Cuando fuimos niños/as, tres eran nuestras necesidades imperiosas: ser vistos, ser valorados y ser amados. Y en torno a ellas fuimos construyendo nuestro “personaje”. Aprendimos qué teníamos que hacer, como debíamos de ser para obtener el amor de nuestro entorno, de los adultos significativos para nosotros. Empezamos así a construir nuestro personaje suprimiendo lo que desde fuera nos censuraban, ya que nos convertían en menos valiosos para los demás. Incorporamos también las expectativas que nos transmitían al constatar cómo de esa forma éramos “vistos” y entrábamos a formar parte del grupo humano imprescindible para nuestra supervivencia emocional.
Este es el proceso evolutivo por el que todo ser humano pasa. El problema es que estas decisiones, que en un momento nos sirvieron para crecer, para incorporarnos efectiva y afectivamente a nuestro entorno, con el paso de los años pueden convertirse en una especie de prisión, de falseamiento de quien somos de verdad. No ha sido una elección libre ni consciente: nos hemos construido un personaje que confundimos con nuestra identidad.

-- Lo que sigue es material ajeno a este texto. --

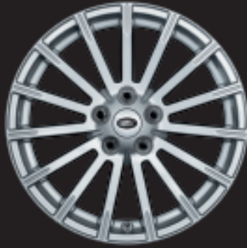
19 INCH 15-SPOKE ALLOYS 'STYLE 5'*
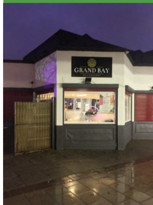
The Grand Bay venue in Crawley, South-East England
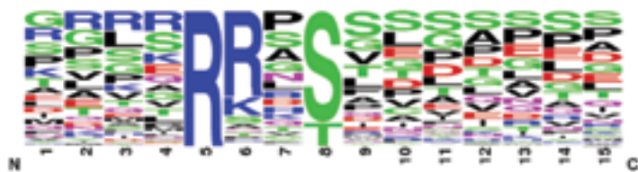
The Motif Logo shows the amino acid distributions around the sites recognized by the antibody.

Applications Key: W—Western IP—Immunoprecipitation IHC—Immunohistochemistry ChIP—Chromatin Immunoprecipitation IF—Immunofluorescence F—Flow cytometry E-P—ELISA-Peptide Species Cross-Reactivity Key: H—human M—mouse R—rat Hm—hamster Mk—monkey Mi—mink C—chicken Dm—D. melanogaster X—Xenopus Z—zebrafish B—bovine Dg—dog Pg—pig Sc—S. cerevisiae Ce—C. elegans Hr—horse All—all species expected Species enclosed in parentheses are predicted to react based on 100% homology.
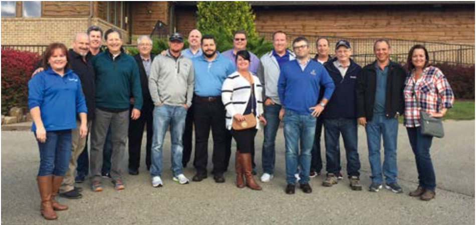
Thermoseal and the DRP members

Este plan ilusorio de viaje incorpora además una brújula y un compás ciertamente peculiares: el miedo y la inconsciencia. Y es que nadie nos ha enseñado a vivir conscientemente. Quizás tan solo en pequeño grado en lo meramente funcional: decisiones, trabajo, actividades… Pero no en todo el ámbito de nuestra vida. Incluso, en algunas circunstancias, parece que hay una pauta interior programada para escogerla como “opción por defecto”: un automatismo instalado que la activa si voluntariamente no elegimos otra opción.
La realidad es que desarrollamos hábitos de falta de atención, distracción, automatismo y ausencia a lo largo de nuestra vida: este es el programa instalado en la mayoría de nosotros. La ocupación permanente y las prisas debilitan nuestra concentración y habilidad para conectar profundamente con las cosas. La cultura moderna nos anima a no estar presentes. Y así tenemos demasiado a menudo la sensación de que “la vida pasa por nosotros”, en vez de “pasar nosotros por la vida”. Y sentimos algo parecido a la impotencia de querer retener entre nuestros dedos la arena de la playa, mientras vemos inexorablemente cómo se nos escapa.

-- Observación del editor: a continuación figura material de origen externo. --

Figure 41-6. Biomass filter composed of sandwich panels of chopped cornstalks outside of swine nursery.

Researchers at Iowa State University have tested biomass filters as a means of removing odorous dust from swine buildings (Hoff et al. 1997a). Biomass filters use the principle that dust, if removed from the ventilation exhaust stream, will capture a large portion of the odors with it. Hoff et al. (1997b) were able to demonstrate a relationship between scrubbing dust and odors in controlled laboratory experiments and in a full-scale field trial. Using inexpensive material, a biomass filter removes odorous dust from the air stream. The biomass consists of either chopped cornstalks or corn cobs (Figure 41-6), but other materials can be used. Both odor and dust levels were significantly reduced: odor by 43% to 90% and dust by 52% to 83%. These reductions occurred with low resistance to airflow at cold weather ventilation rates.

En demasiadas ocasiones, vivimos mutilados, divididos y desconectados. Separamos nuestra existencia externa de lo que sentimos interiormente, como si ambos fueran dos territorios aislados, sin puente que los una: pendientes del afuera, ignoramos nuestras emociones, desoímos nuestras intuiciones y ahogamos nuestras necesidades. ¿Estamos realmente aquí y ahora? Vivir es un arte que requiere tiempo, compromiso y amor. Vivir es ganar espacio interior y exterior. Tu vida es única e irrepetible. De ti depende su contenido, su amplitud: si bien no puedes alargar ni un minuto tu vida, puedes hacerla más amplia, más rica, más intensa y más consciente en cada momento. ¿Qué eliges? ¿Quieres que haya vida en tu vida antes de que llegue tu muerte? ¡Despierta y actúa! El mindfulness y la terapia te pueden ayudar.